Artist’s Statement

Lily Rand is a painter based in Brooklyn, New York. Her work investigates our historical moment as it takes place through online communities and digital spaces. Using the painstaking and rigorous techniques of figurative painting, she memorializes these online phenomena, which are often ephemeral and vulnerable to censorship and erasure. Our daily experience consists of a series of shocks, of which an integral part is seemingly disposable images, that emerge and fade from the slipstream of information too quickly to grasp onto. 

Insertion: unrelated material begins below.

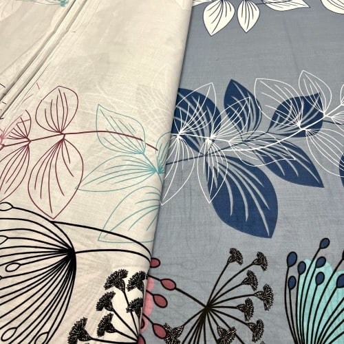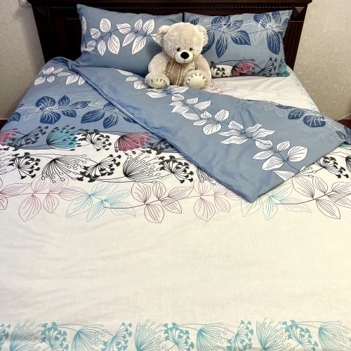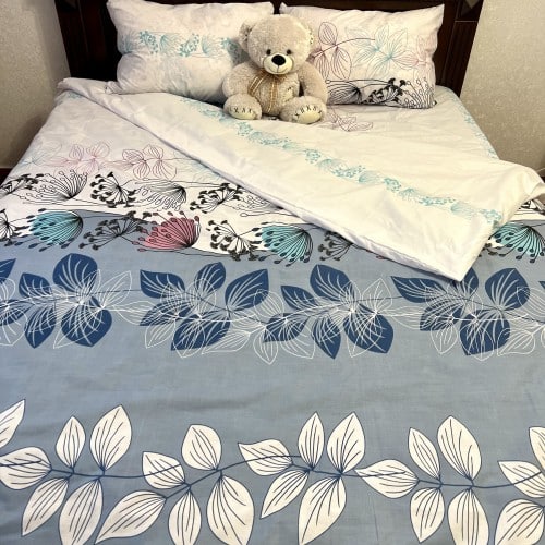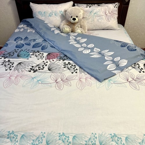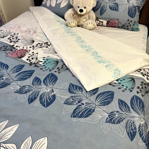 Pościel Beżowo Złota Kwiaty i liście na biało-niebieskim tle Euro

Rand seeks to redeem this process of loss and disintegration by resurrecting these degraded (both in content and form) images, Lazarus-like, from the unmarked grave of the digital inferno--a hell that contains dead images, and those that have lost their souls. To do this, she takes Walter Benjamin’s premise of Aura as a starting point. Namely, the soul contained within artworks. Benjamin considered all photography to be soulless, a one way gaze that cannot be returned by the photography. Rand attempts to find the emanation of an Aura in the one place where Benjamin refused to look for it himself, namely the most degraded of images. She thus brings the viewer through the other side of the mirror, as her work rewards their attentive gaze tenfold, unfurling mysteries, sudden shivers of recognition, and the illuminations of a hand-crafted work of art, irreplaceable and Unique. The 20th century witnessed the end of the traditional Aura in art. Through the valley of this shadow, Rand brings the idea of the individual artwork out of its postmodern cul-de-sac kicking and screaming into the present. She paints nothing less than what we assumed was a lacuna, a void, a lack.